Risk Management (1)

Question 1

You are a manager of a bank and you suspect one of your tellers has stolen money from their station. After talking with your supervisor, you place the employee on leave with pay, suspend their computer account, and obtain their proximity card and keys to the building. Which of the following policies did you follow?

Mandatory vacations

Exit interviews

Adverse actions

Answer 1

Adverse actions

Adverse actions are administrative actions that are placed against employees. These actions include letters of reprimand, leave with or without pay, or termination. Along with these actions the policy should include actions such as disabling user accounts and revoking privileges, such as access to facilities to prevent data from being compromised. When an employee has been placed with administrative actions, the company shouldn’t worry about vindictive actions they will take against the company

Question 2

Which of the following principles stipulates that multiple changes to a computer system should not be made at the same time?

Due diligence

Acceptable use

Change management

Answer 2

Change management

Change management is the process of documenting all changes made to a company’s network and computers. Avoiding making changes at the same time makes tracking any problems that can occur much simpler

Question 3

Why are penetration test often not advised?

It can be disruptive for the business activities.

It’s able to find both known and unknown hardware or software weaknesses.

It permits the exploration of real risks and gives a precise depiction of a company’s IT infrastructure security posture at any given time.

Answer 3

It can be disruptive for the business activities.

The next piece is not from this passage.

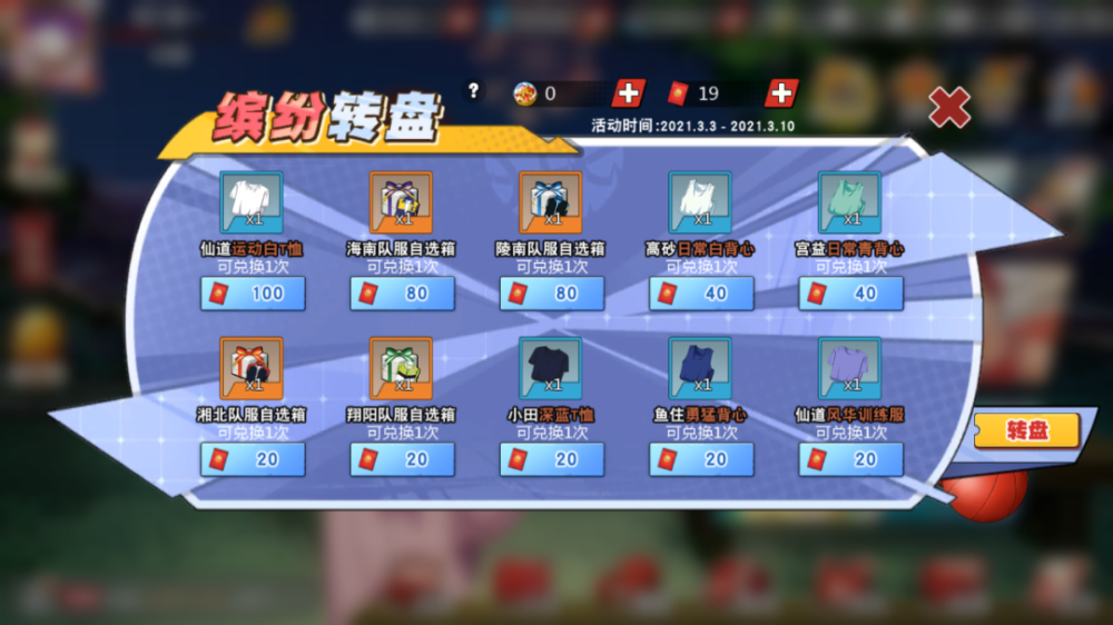 奖励主要是以转盘币和时装券为主:

The main reason to avoid penetration tests is answer A. It’s advised to perform vulnerability test often rather than penetration tests. Pentests can cause disruption to businesses. This is the main focus of the question

Question 4

You are a security engineer and discovered an employee using the company’s computer systems to operate their small business. The employee installed their personal software on the company’s computer and is using the computer hardware, such as the USB port. What policy would you recommend the company implement to prevent any risk of the company’s data and network being compromised?

Acceptable use policy

Clean desk policy

Mandatory vacation policy

Answer 4

Acceptable use policy

Acceptable use policy is a document stating what a user may or may not have access to on a company’s network or the Internet

Question 5

What should be done to back up tapes that are stored off-site?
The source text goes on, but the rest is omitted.